Secretly Inside by Hans Warren is a Minor Dutch Hiding Narrative




“Couldn’t they have found a safe house for him that was a bit more…safe?” (94)


The UW-Madison press tends to focus on hidden gems and scholarly texts, so I was particularly excited to receive their English translation of Secretly Inside, a novella by Dutch author Hans Warren. It belongs to the subgenre of Dutch hiding narratives, which follow Jewish protagonists as they try to remain undetected in the Nazi-occupied Netherlands. The most famous example of the genre, Anne Frank’s Diary of a Young Girl, is a nonfiction primary source, but other accounts are fictionalized and written after-the-fact.


There are several reasons why such a specific premise might be popular in the Netherlands. For one, the tension of hiding and escape keeps readers hooked like a more conventional thriller, founded in real history. Hiding narratives also contribute to Dutch Remberance Culture, promoting tolerance and empathy without depicting the well-known atrocities of the Eastern Front. Furthermore, because their protagonists must often rely on the protection of Dutch Gentiles, they support the myth of a unified resistance against occupation.



Secretly Inside, originally titled Steen der Hulp ("Stone of Help") is certainly free from whitewash. Although the Van’t Westeinde family opens their doors to Ed, a Jewish resistance member from Utrecht, their decaying Zeeland farmhouse harbors perils of its own. The parents are coarse, suspicious yokels. Both Mariete and Camiel, the brother and sister of the house, develop feelings for their visitor, but their triangular desires threaten to attract more dangerous attention. And Camiel is still hung up on a German solider, recently killed under mysterious circumstances.

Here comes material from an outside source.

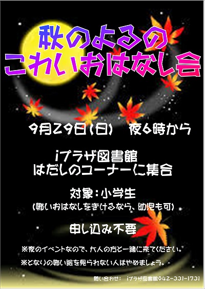 【iプラザ】あきのよるのこわいおはなし会毎年人気のこわいおはなし会を、今回は秋の夜に開催します。図書館に集合したあとは、階段を降りた先のひみつの部屋へ行き、こわいおはなしを楽しみます。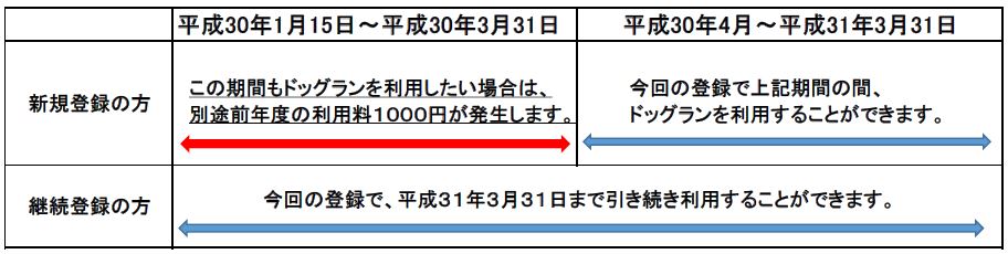 ☆平成30年1月15日~平成30年3月31日の期間に利用登録をし、前年度のドッグランの登録をされていない方で、平成30年4月1日からドッグランをご利用される方

As Ed struggles to navigate their claustrophobic dynamic, the beauty of the Dutch countryside comes into focus. Warren and translator S.J. Leinbach usually employ a spare narrative voice, underscoring the novella’s ambiguous tensions. But in nature, Ed and Camiel are free—if not to love one another, then to exist without the scrutiny of their neighbors.



“They walked through the orchard and the vegetable garden, surrounded by dense hawthorn hedges that were red from the berries growing on them. The air was heavy with autumn melancholy. Spider silk gleamed in the sunlight. Slowly, as if they were drunk, velvety, brightly colored butterflies danced above bursting fruit that had fallen from the trees…Ed kept wanting to ask, What was that all about, last night? But he was afraid” (60)


The plot is composed mostly of revelations and pauses, with a few interludes of heart-pounding action. It is extremely short, and can be read in less than an hour, but is not particularly well-written. In a world where homosexuality is no longer novel, it lacks the urgency of other hiding narratives.


But as a reminder of the dangers of intolerance, and counter-evidence to the myth of national resistance, its virtues may yet be discovered.